PROBLEM TO SOLVE:
Reproduce the listing below word for word, with no pictures.

DATASET CONTENT:
══════════════════════════════
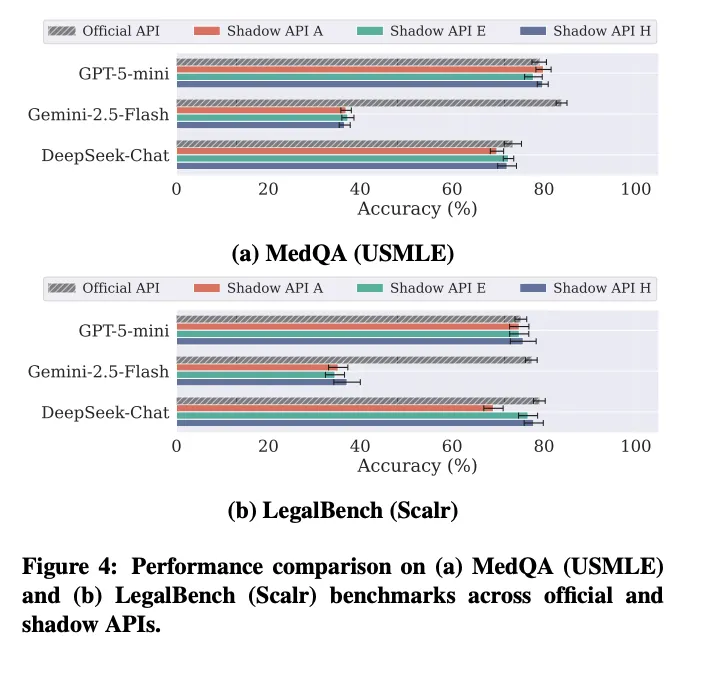 论文在医学基准MedQA上测试了官方API和Shadow API之间的差异。Gemini-2.5-flash在官方API上的准确率是83.82%。
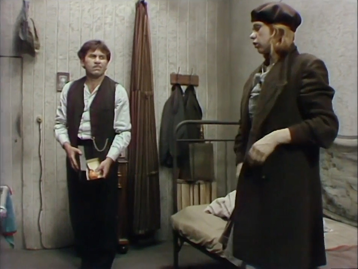 As noted in the Profesor Mamlock post, Friedrich Wolf was considered one of Germany’s best playwrights. While this version of Cyanide stays closer to its source material than did the 1930 film, it’s not a word-for-word adaptation. The teleplay was written by Jürgen Leskien and he takes liberties with Wolf’s script, presumably, in part to make it better suited to the live teleplay format and partly to make it match the East German Weltanschauung. Leskien was pilot in the East German Air Force (Luftstreitkräfte der Nationalen Volksarmee) and worked as a civil engineer in air traffic control before trying his hand at writing a novel. After he left the military service, he studied at the Leipzig Theater Academy and got a job as a dramaturge with East German television. Leskien’s changes, while understandable, remove some of the poetry of Wolf’s street language. For instance, the opening line of the play, in which a woman is asked if she’s cooking a street cat or an old horse (“Dachhase oder Hottehü?”), is replaced with the statement that the main character is late (hasn’t had her period). It gets us right into the story, but at what cost? Also missing is the character Cuckoo’s colorful, if sometimes confusing, nicknames for everything.
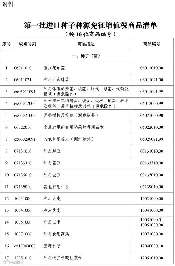 - 由农业农村部发布最新《进口种子种源免征增值税商品清单(第一批)》,请各直属海关遵照执行;
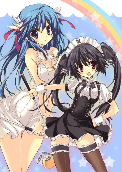 katou kei, satou sei, maria-sama ga miteru, 00s, 2girls, adjusting hair, asymmetrical legwear, biting, blonde hair, blush, breasts, brown eyes, brown hair, denim, from side, glasses, holding, holding shirt, holding unworn clothes, jeans, letterboxed, long hair, mouth hold, multiple girls, opaque glasses, pants, shirt, sideboob, sweat, t-shirt, thigh gap, topless female, unbuttoned, uneven legwear, unworn shirt, zoom layer
══════════════════════════════
ANSWER SPACE:
 论文在医学基准MedQA上测试了官方API和Shadow API之间的差异。Gemini-2.5-flash在官方API上的准确率是83.82%。
 As noted in the Profesor Mamlock post, Friedrich Wolf was considered one of Germany’s best playwrights. While this version of Cyanide stays closer to its source material than did the 1930 film, it’s not a word-for-word adaptation. The teleplay was written by Jürgen Leskien and he takes liberties with Wolf’s script, presumably, in part to make it better suited to the live teleplay format and partly to make it match the East German Weltanschauung. Leskien was pilot in the East German Air Force (Luftstreitkräfte der Nationalen Volksarmee) and worked as a civil engineer in air traffic control before trying his hand at writing a novel. After he left the military service, he studied at the Leipzig Theater Academy and got a job as a dramaturge with East German television. Leskien’s changes, while understandable, remove some of the poetry of Wolf’s street language. For instance, the opening line of the play, in which a woman is asked if she’s cooking a street cat or an old horse (“Dachhase oder Hottehü?”), is replaced with the statement that the main character is late (hasn’t had her period). It gets us right into the story, but at what cost? Also missing is the character Cuckoo’s colorful, if sometimes confusing, nicknames for everything.
 - 由农业农村部发布最新《进口种子种源免征增值税商品清单(第一批)》,请各直属海关遵照执行;
 katou kei, satou sei, maria-sama ga miteru, 00s, 2girls, adjusting hair, asymmetrical legwear, biting, blonde hair, blush, breasts, brown eyes, brown hair, denim, from side, glasses, holding, holding shirt, holding unworn clothes, jeans, letterboxed, long hair, mouth hold, multiple girls, opaque glasses, pants, shirt, sideboob, sweat, t-shirt, thigh gap, topless female, unbuttoned, uneven legwear, unworn shirt, zoom layer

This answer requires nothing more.